Once admitted—she had no doubt that the evaluation would recommend admission—she would be either locked away here or killed in some accidental fashion. A suicide, perhaps. Her family had done an excellent job in discrediting her. What police detective, FBI agent or jury would believe a woman twice institutionalized?
It was in that moment of betrayal by her family that her mind turned from convincing others of her sanity to plans of escape.
* * *
THE SUNLIGHT FROM the window hurt Dylan’s eyes even through his closed lids. Gradually he realized the sounds around him were unfamiliar and there was something wrong with his neck. The dull ache at his elbow caused him to bend the joint, sending off an alarm beeping beside him.
“You awake?”
Someone straightened his arm and the beeping stopped.
He knew the voice.

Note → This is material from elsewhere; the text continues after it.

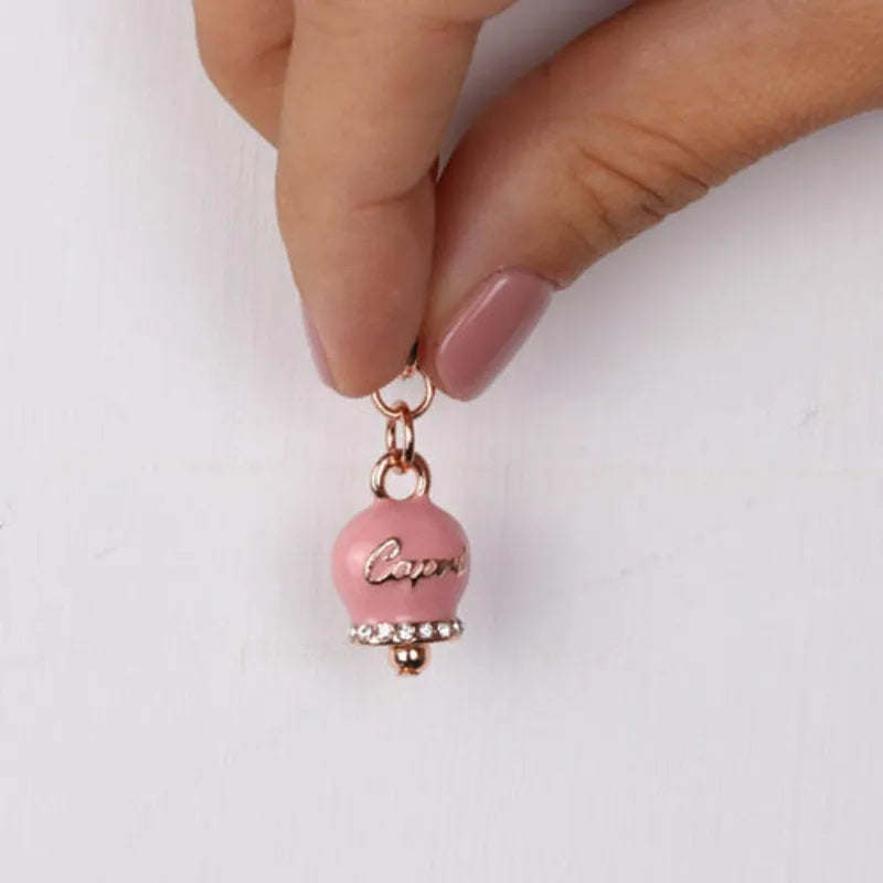 Ciondolo in Metallo campanella smalto rosa con cristalli bianchi

That was Jack Bear Den.
Dylan cracked open an eye and stared. He tried to speak and the movement caused his neck to throb.
“What?” asked Jack. “Don’t talk yet. Just listen.”
Jack sat in the chair beside his bed. Two more people sat behind him on a bench beneath the window. The railing between him and Jack confirmed his suspicion. He was lying in a hospital bed.
“You were shot in the throat. Lost a lot of blood from that neck wound. The bullet grazed muscle mostly but nicked the artery. You’re lucky, Brother Bobcat. Very lucky.”
Dylan tapped his wrist and then raised the wrist to his ear.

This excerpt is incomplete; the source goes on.